Gas diffusion visualization method and system

Technical Field

The invention relates to the technical field of environmental safety, in particular to a gas diffusion visualization method and system.

Background

In daily life, the diffusion of gas (such as toxic gas, smoke and the like) is often required to be visualized, and the gas diffusion range is intuitively known so as to evaluate pollution, guide personnel to evacuate and the like.

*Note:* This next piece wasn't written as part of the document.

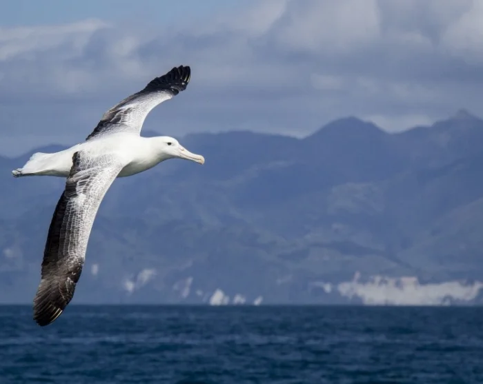 Sperm whales can be spotted in the area all year round and are typically the most common. Depending on the season, you might be fortunate enough to see migrating humpback whales, pilot whales, blue whales, southern right whales, and even orcas. New Zealand fur seals, dolphins, and an array of seabirds such as albatrosses can also often be seen.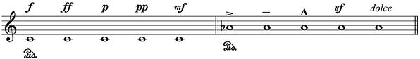 1. 下の譜例に従って、最大音で打鍵し、弦をたっぷり振動させます。

In the prior art, the combination of a Gaussian smoke diffusion model and a GIS is generally researched, and the realization of Gaussian smoke diffusion visualization on an ArcGIS platform is well known by the public; no research has been found on the visualization of gaussian smoke diffusion by using OSG (Open Scene Graph) as an Open source graphics rendering library. When data rendering is performed in an OSG platform, generally discrete data is needed, interpolation is performed on the data by using an interpolation method to change the data into regular grid data, and then rendering is performed, and OSG rendering can be performed only by calculating a patch vertex index array.

Disclosure of Invention

The invention aims to at least solve the technical problems in the prior art, and particularly provides a gas diffusion visualization method and system.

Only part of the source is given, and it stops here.